Bir san’at eseri, mamül madde, bir yapıt gördüğümüzde onun ustasını, mucidini veya sahibini sorup, öğrenme ihtiyacı duyarız; merak ederiz. Övgü için de olsa, eleştiri için de olsa bu durum değişmez. Bu his ve ihtiyaç insanlar olarak bizim genlerimizde, fıtratımızda mevcuttur ve de doğaldır.

Bunun iki anlamı vardır: “her eserin bir müessiri, ustası mevcuttur” bu bir; ikincisi ise yapılan bir işi, bir eseri övmek ya da yermek, beğenmek veya beğenmemek en tabii hakkımızdır. İnsanlar olarak yaşadığımız belde veya bölge sınırlıdır, küçüktür; ama evren dediğimiz dünya hakikaten “uçsuz-bucaksız” tabirinde de ifade edildiği gibi ilginçtir ve geniştir. Ve bu dünya üzerinde mucidi, ustası olmayan bir nesne bulmak mümkün değildir.
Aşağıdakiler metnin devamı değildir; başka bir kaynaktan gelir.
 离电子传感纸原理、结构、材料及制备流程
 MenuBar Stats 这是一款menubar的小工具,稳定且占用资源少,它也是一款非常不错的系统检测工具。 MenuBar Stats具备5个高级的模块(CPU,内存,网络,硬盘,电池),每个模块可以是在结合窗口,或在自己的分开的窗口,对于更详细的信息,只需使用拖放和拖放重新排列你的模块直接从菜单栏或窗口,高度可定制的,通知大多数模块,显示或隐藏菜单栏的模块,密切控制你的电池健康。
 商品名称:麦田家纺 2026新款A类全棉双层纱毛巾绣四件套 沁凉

Bu demektir ki, hiç bir şey kendi kendine olmuyor, olması da mümkün gözükmüyor. Varlıkları, olayları, yaşanan hadiseleri “tesadüf” denilen asılsız ve sihirsiz kelimeyle de izah etmek, ya da buna cür’et etmek doğru değildir, aklî olamaz.
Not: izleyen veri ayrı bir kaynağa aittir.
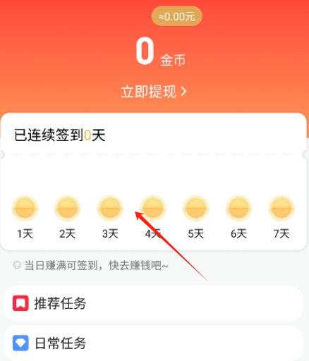 4、通过签到完成任务也是可以获取金币的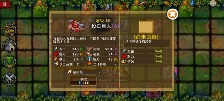 这些英雄很强力,这个阵容也很不错--来自玩家E6979#策略军团精彩分享 关卡1-16同时有这3个好用的英雄,在这一关卡刷英雄效率更高喔。投石巨人要是是个远攻特性配合减速就太好了,推荐远攻特性,太好用了。黑魔法师可以和任意元素精灵配合,效率更高。#策略军团每日打卡任务发帖地址1 #策略军团每日精彩分享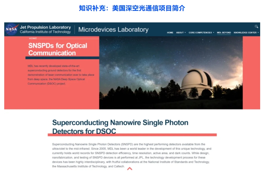 SNSPD是從紫外到中紅外范圍內(nèi)綜合性能最優(yōu)的單光子探測器,因此成為美國國家航空航天局(NASA)和噴氣推進實驗室(JPL)深空光通信(Deep Space Optical Communications,DSOC)項目的重要支撐研發(fā)項目。自2005年以來,MDL在這一獨特技術(shù)的開發(fā)方面一直處于世界領(lǐng)先地位,并且在探測效率、時間分辨率、有效面積和暗計數(shù)方面保持著世界紀(jì)錄。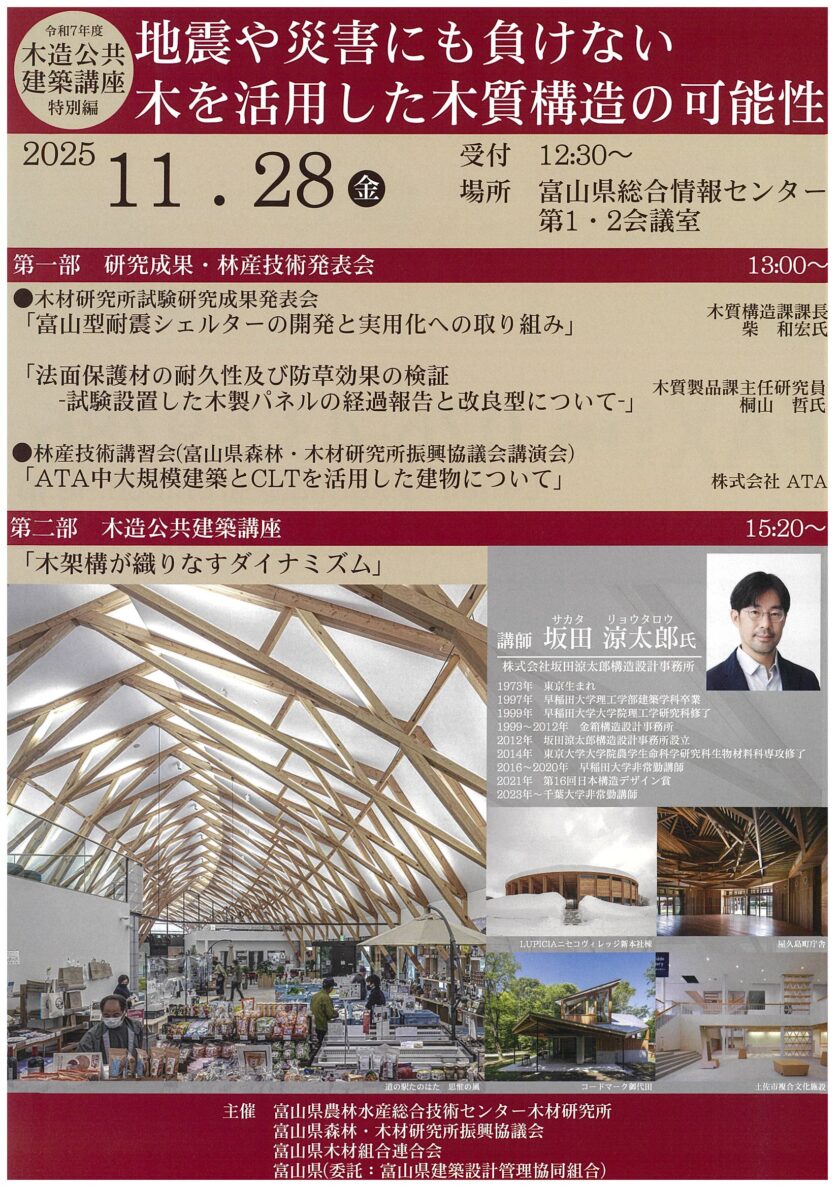 木造公共建築講座特別編「地震や災害にも負けない 木を活用した木質構造の可能性」チラシ

Meselâ deniz bilimci oşinograflar, denizlerdeki kendine mahsus kural ve kaideleri, oradaki canlıların var olma, beslenme ve yaşama şartlarını, okyanuslardaki akıllara durgunluk veren hikmet ve gizemleri enine-boyuna araştırıyorlar, sır dolu bilgilere sahip oluyorlar ve hadiseleri ibretle görüyorlar.

Uzay ve gök bilimi ile meşgul olan insanlar, astrologlar güneşin, ay’ın, yıldızların, galaksilerin ve diğer uzay varlıklarının hareketlerini, konumlarını, durumlarını, inceliklerini araştırıyorlar; harikulade bilgilere vakıf oluyorlar. Gece ile gündüzün, mevsimlerin aşmadan, şaşmadan, bir kılavuza veya rehbere ihtiyaç duymadan düzenli ve intizamlı bir şekilde birbirlerini takip etmelerini hayretle görüyorlar.

Bitki bilimleri ile meşgul olan botanikçiler çeşit ve adetleri milyonlarla ifade edilen bitkiler alemini dikkatle inceliyorlar; çeşitleri, cinsleri, renkleri, kokuları, tatları, şekilleri, yapıları, boy ve ebatları birbirinden değişik olan milyonlarca bitkideki esrarı görüyorlar.Yan yana dikilen yüzlerce çeşit meyvenin kökleri topraktan aynı gıdayı ve suyu alıyorlar, ama her bir meyvenin çiçeği, yaprağı, meyvesinin tadı, kokusu, şekli, gıdası, rengi birbirinden farklıdır. Bilim adamları bunları ayan-beyan biliyor ve görüyorlar.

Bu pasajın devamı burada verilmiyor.